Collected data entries
--- --- ---
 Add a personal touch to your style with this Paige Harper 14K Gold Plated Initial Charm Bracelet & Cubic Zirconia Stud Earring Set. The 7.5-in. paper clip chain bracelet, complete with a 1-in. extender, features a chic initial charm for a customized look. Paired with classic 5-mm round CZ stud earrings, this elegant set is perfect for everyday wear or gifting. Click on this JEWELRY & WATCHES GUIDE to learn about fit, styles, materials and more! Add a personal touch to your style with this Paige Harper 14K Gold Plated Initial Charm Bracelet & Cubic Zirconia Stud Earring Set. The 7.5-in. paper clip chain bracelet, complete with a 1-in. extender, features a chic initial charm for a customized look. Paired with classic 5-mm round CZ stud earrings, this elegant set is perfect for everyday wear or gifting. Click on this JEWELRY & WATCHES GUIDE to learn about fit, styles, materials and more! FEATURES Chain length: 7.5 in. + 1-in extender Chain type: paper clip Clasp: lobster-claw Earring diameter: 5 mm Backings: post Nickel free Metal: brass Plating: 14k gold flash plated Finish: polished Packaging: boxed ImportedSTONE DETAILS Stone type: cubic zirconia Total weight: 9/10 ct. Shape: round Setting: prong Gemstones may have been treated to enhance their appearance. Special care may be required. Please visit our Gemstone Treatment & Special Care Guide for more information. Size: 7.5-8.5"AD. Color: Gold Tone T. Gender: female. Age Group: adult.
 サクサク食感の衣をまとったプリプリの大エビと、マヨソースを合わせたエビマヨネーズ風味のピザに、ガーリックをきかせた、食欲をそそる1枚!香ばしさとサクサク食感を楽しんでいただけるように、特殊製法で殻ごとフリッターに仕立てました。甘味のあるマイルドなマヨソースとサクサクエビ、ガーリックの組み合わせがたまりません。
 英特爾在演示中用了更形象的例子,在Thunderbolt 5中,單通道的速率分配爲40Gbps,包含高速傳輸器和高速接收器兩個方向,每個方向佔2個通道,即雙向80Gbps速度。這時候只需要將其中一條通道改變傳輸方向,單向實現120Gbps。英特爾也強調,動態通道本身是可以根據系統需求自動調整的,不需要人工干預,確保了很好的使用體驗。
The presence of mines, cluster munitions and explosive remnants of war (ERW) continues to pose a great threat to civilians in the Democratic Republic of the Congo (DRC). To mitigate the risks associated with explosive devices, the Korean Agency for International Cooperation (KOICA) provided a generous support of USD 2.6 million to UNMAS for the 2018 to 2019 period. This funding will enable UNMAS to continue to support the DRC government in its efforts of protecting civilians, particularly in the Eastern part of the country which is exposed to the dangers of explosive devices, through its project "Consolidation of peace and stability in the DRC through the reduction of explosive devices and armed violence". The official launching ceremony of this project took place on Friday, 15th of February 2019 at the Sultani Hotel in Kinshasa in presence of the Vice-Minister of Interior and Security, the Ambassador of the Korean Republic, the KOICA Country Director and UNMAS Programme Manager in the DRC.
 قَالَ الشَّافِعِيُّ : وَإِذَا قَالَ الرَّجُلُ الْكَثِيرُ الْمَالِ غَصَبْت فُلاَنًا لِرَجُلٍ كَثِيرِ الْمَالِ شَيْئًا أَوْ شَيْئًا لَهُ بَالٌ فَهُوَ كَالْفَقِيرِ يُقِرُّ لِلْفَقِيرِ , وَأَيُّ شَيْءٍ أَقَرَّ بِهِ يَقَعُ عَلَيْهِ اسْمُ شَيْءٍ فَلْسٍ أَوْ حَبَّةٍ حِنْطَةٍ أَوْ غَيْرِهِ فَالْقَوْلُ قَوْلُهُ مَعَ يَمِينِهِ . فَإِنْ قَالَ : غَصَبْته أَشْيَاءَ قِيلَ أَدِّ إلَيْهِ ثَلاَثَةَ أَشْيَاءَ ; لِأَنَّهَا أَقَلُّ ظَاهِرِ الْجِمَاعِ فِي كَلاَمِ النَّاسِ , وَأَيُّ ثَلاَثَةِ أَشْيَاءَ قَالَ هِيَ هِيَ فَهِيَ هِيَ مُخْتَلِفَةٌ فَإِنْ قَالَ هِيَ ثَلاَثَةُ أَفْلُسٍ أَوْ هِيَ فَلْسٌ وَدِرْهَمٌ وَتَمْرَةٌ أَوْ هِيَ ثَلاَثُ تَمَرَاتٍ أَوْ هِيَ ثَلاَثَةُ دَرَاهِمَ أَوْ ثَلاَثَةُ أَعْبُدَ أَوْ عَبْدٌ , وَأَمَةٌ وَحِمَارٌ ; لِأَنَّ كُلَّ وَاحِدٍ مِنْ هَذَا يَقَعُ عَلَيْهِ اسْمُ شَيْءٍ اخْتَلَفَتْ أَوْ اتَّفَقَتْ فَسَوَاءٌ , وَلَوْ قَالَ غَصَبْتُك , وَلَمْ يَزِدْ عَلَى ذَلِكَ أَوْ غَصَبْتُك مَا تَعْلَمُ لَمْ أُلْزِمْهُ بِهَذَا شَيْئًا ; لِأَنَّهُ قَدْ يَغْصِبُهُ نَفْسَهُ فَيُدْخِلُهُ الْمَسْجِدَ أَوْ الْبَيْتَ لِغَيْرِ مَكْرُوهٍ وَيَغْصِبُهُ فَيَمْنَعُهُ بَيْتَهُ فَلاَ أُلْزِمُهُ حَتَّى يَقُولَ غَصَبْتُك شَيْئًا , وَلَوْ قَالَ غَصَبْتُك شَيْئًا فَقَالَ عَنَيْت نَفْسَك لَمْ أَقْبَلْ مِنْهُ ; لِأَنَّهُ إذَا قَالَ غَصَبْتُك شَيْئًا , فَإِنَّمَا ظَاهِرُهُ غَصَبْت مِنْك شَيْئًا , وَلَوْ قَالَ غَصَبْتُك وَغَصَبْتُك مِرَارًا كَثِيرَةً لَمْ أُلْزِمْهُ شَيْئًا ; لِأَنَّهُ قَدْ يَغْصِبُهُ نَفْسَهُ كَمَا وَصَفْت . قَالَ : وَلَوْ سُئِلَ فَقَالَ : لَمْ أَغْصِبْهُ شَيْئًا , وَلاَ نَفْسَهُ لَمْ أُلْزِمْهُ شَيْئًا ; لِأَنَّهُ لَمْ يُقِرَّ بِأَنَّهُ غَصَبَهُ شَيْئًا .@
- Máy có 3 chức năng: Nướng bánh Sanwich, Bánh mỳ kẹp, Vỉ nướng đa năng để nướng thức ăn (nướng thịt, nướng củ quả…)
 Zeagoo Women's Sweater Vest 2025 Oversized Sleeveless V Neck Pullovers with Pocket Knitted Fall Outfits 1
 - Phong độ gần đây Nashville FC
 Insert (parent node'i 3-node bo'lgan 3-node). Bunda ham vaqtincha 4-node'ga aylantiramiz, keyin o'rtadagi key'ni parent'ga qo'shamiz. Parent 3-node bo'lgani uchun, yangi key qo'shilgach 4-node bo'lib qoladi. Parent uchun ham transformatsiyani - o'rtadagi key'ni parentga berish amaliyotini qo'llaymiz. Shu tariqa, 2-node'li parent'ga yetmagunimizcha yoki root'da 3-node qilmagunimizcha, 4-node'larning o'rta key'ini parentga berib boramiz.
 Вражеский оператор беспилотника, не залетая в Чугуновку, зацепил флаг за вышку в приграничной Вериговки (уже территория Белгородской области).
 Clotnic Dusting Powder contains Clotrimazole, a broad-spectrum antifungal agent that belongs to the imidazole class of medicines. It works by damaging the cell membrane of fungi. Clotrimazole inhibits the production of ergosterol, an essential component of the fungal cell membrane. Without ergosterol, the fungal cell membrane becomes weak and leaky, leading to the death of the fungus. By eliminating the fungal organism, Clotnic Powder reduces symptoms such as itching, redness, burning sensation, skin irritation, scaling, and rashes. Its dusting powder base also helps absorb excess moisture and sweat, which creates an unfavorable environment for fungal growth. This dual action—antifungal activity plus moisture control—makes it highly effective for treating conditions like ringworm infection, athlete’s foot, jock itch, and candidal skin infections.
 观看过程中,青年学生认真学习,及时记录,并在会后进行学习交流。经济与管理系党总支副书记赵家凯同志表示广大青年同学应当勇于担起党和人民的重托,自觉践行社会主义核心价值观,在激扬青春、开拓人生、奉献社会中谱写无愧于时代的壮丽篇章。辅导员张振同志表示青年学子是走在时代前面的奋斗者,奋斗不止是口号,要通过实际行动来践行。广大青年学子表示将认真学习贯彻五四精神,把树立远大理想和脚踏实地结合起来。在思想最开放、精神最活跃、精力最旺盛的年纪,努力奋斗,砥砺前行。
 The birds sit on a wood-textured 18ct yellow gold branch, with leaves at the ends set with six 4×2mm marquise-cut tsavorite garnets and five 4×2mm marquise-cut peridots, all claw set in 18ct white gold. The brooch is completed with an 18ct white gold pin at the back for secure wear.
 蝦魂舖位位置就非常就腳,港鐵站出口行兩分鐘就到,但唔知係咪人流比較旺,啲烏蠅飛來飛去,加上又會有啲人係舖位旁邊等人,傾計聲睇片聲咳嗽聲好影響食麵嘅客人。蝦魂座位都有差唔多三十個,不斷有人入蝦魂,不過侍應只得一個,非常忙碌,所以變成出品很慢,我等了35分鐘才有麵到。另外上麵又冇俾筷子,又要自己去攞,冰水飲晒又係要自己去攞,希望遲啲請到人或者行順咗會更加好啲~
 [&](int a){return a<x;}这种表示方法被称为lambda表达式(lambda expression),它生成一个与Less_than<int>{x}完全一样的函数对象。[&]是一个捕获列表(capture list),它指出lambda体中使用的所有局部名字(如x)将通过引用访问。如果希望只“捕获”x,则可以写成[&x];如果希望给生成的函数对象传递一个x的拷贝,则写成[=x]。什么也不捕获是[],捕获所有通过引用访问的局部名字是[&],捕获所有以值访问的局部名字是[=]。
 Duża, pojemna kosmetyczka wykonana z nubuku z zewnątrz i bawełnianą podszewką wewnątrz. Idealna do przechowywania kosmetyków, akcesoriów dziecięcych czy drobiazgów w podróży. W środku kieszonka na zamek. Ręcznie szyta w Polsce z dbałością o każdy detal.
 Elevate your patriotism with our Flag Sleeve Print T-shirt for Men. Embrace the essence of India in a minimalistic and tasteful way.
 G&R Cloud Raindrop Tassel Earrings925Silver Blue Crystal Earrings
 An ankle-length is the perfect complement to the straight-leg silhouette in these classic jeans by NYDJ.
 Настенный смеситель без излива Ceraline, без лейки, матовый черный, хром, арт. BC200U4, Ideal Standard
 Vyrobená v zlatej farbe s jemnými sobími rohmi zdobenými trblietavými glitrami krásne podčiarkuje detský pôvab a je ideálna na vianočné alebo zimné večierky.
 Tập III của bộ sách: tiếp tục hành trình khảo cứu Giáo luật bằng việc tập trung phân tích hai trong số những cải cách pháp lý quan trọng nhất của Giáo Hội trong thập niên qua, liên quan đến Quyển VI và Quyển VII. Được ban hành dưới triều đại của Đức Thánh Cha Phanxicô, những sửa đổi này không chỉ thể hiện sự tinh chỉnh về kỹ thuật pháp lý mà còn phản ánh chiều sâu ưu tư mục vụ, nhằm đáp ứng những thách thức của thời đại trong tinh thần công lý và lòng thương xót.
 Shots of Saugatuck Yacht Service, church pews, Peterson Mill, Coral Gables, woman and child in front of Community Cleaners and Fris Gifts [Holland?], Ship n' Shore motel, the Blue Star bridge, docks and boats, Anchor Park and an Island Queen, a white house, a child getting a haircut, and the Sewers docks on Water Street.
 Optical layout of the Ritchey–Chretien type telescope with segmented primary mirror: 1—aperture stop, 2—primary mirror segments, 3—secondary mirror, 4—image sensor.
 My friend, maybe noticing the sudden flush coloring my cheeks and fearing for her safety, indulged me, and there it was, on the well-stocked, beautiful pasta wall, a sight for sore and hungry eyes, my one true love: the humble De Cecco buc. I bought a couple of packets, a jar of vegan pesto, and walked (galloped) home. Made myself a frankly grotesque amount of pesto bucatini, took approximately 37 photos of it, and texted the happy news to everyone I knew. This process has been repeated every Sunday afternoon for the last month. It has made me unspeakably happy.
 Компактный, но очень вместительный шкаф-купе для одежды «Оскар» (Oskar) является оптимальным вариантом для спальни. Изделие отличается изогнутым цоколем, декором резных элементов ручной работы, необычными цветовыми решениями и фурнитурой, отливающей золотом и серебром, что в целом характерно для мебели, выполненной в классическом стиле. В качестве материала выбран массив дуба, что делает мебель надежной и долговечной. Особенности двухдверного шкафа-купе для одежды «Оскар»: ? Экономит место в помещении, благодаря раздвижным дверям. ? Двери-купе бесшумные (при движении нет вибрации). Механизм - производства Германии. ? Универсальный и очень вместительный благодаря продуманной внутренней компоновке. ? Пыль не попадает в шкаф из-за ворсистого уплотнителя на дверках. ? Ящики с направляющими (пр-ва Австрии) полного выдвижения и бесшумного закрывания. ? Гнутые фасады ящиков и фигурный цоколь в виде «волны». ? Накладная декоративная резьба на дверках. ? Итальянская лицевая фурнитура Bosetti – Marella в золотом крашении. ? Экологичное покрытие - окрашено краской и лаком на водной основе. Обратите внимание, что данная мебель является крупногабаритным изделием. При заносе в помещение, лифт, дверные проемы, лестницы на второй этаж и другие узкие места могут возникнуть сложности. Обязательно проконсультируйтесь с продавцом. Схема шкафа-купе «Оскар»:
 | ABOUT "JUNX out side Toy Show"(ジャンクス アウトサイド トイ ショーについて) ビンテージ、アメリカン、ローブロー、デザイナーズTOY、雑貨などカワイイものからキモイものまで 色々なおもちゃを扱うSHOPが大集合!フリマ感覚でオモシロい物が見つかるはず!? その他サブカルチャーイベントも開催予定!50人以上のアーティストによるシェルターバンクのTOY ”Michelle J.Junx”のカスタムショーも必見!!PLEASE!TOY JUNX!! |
--- --- ---
In the data above, find the line that contains "An ankle-length is" and the line that contains "Optical layout of". Repeat exactly those lines and every line between them, and only those.

 An ankle-length is the perfect complement to the straight-leg silhouette in these classic jeans by NYDJ.
 Настенный смеситель без излива Ceraline, без лейки, матовый черный, хром, арт. BC200U4, Ideal Standard
 Vyrobená v zlatej farbe s jemnými sobími rohmi zdobenými trblietavými glitrami krásne podčiarkuje detský pôvab a je ideálna na vianočné alebo zimné večierky.
 Tập III của bộ sách: tiếp tục hành trình khảo cứu Giáo luật bằng việc tập trung phân tích hai trong số những cải cách pháp lý quan trọng nhất của Giáo Hội trong thập niên qua, liên quan đến Quyển VI và Quyển VII. Được ban hành dưới triều đại của Đức Thánh Cha Phanxicô, những sửa đổi này không chỉ thể hiện sự tinh chỉnh về kỹ thuật pháp lý mà còn phản ánh chiều sâu ưu tư mục vụ, nhằm đáp ứng những thách thức của thời đại trong tinh thần công lý và lòng thương xót.
 Shots of Saugatuck Yacht Service, church pews, Peterson Mill, Coral Gables, woman and child in front of Community Cleaners and Fris Gifts [Holland?], Ship n' Shore motel, the Blue Star bridge, docks and boats, Anchor Park and an Island Queen, a white house, a child getting a haircut, and the Sewers docks on Water Street.
 Optical layout of the Ritchey–Chretien type telescope with segmented primary mirror: 1—aperture stop, 2—primary mirror segments, 3—secondary mirror, 4—image sensor.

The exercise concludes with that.